In this type of fraud, scammers set up campaigns with the goal of making the consumer call them. While scammers may call victims back, they do so manually rather than using bots or machines to initiate automated robocalls.
Robocall laws and tactics used to combat them have no effect on tech support fraud…
The story continues with a series of invoices made to look like they come from well-known businesses like HP and Canon for services like printer IT support or network firewall management.
The following series of scam invoices used by this call center were sent to Demurrage by anonymous sources along with victim advocate groups, such as AVAHS. All of the numbers that appear within these invoices traced back to RingCentral.
RingCentral is an American cloud communications provider. During February 2026, the AVAHS victim advocacy group spoke with numerous victims and found the stories pointed to a scam call center enabled by RingCentral’s negligence.
AVAHS concluded that they had spoken to 157 victims from the beginning of February to the 18th and that 75% were victims of these printer support scammers, or possibly even higher…
AVAHS also concluded that this same call center was running insurance-type scams but had moved to printer support scams…
More concerning still, AVAHS shared the scammers’ intake data on these scams, which they received anonymously, and the results were very concerning. Once again, RingCentral has done little to nothing about the numbers and traffic that were reported to them.
RingCentral is a wholesale customer of Bandwidth. Demurrage reported phone numbers to Bandwidth that had been used by scammers which had been obtained through RingCentral. The response from Bandwidth clarified that they do not have a relationship with the end-user that originated the call, so they forwarded the complaint to their customer, RingCentral. Bandwidth suggested it was ‘typical’ for their wholesale customers to respond to such complaints within 48 hours.
The last half of that response is key and is where the problems begin with Bandwidth, as it is not uncommon for many wholesalers to ignore the 48-hour period that Bandwidth supposedly claims is the allotted time for their customers to respond.
The US comms industry has a code of silence which precludes any serious examination of which businesses are failing to protect the public from scams. Wholesale providers like Bandwidth have little incentive to police the failings of a significant customer like RingCentral. In turn, RingCentral has little incentive to police the crooked number resellers who are the go-betweens that obtain phone numbers on behalf of criminals.
Though many telecoms claim to have “robust KYC policies,” scammers have already defeated these checks through the use of intermediaries referred to as “marks” by the Demurrage team…
Demurrage defines a “mark” as a complicit wholesaler who exploits telecom reseller programs by selling pre-verified VoIP accounts directly to scammers operating out of illegal call centers in India and elsewhere.
As is the norm for so much telecoms fraud, these crooked businesses find their clients through social media.
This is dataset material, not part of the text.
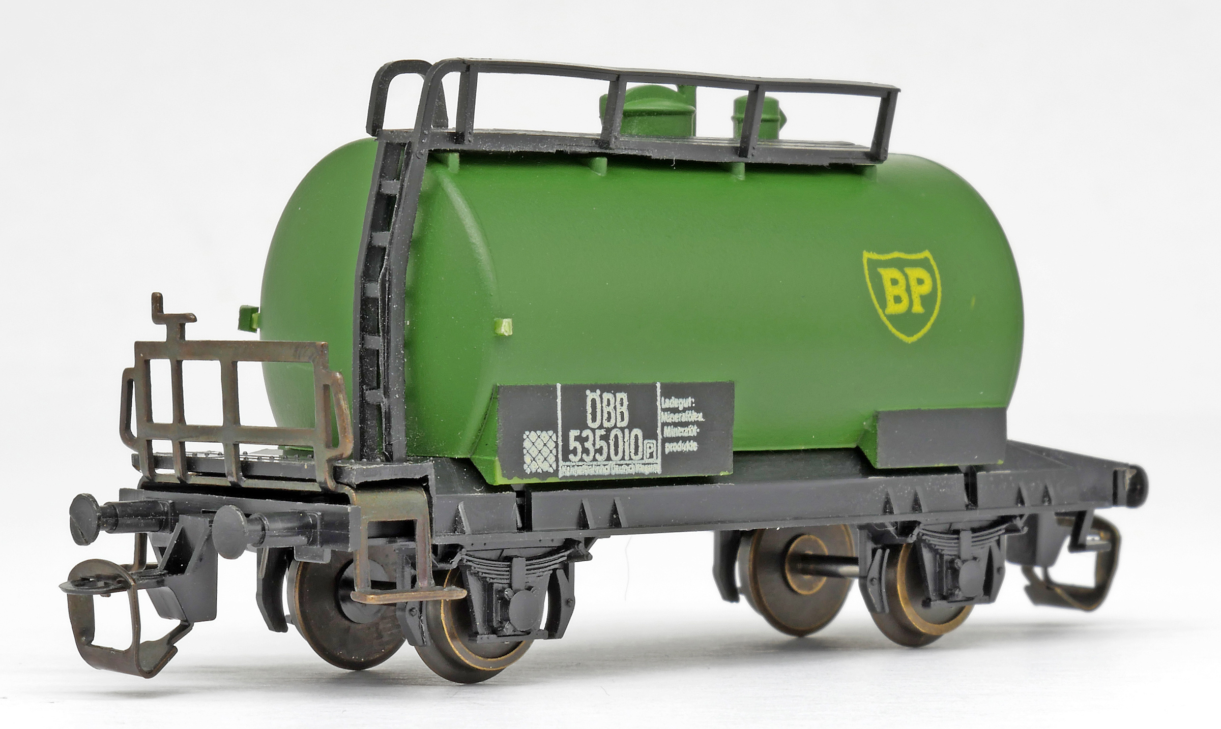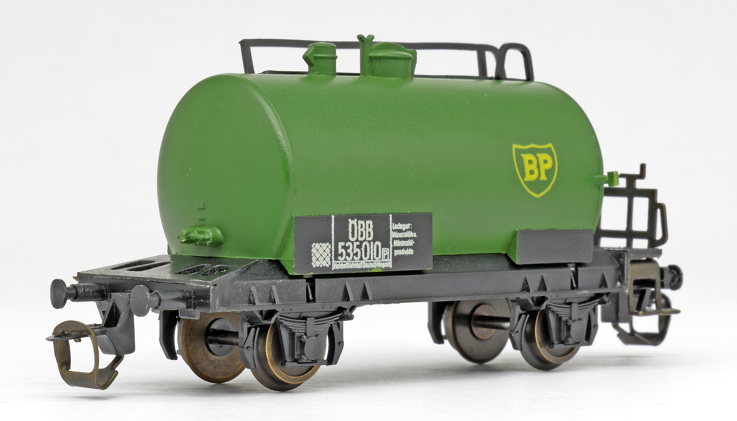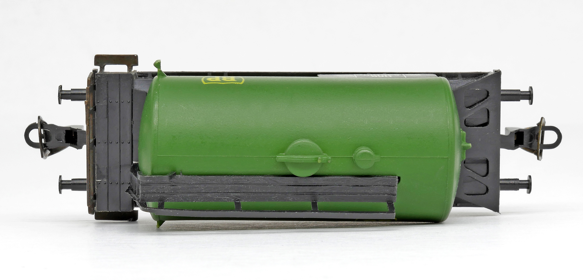 kotlový vůz zelený s černým pojezdem a s logem „BP“

These wholesalers typically operate through Facebook, Telegram, and WhatsApp groups, charging a premium because the buyer is not required to submit any personal information for KYC verification.
The key to the US industry’s failure is that they apply insufficient effort to rooting out these crooks. It costs money to employ diligent staff who reduce fraud, and reducing fraud also means reducing revenues. Although Bandwidth referred to 48 hours being the ‘typical’ time required to deal with a scam complaint, Demurrage’s experience was quite different.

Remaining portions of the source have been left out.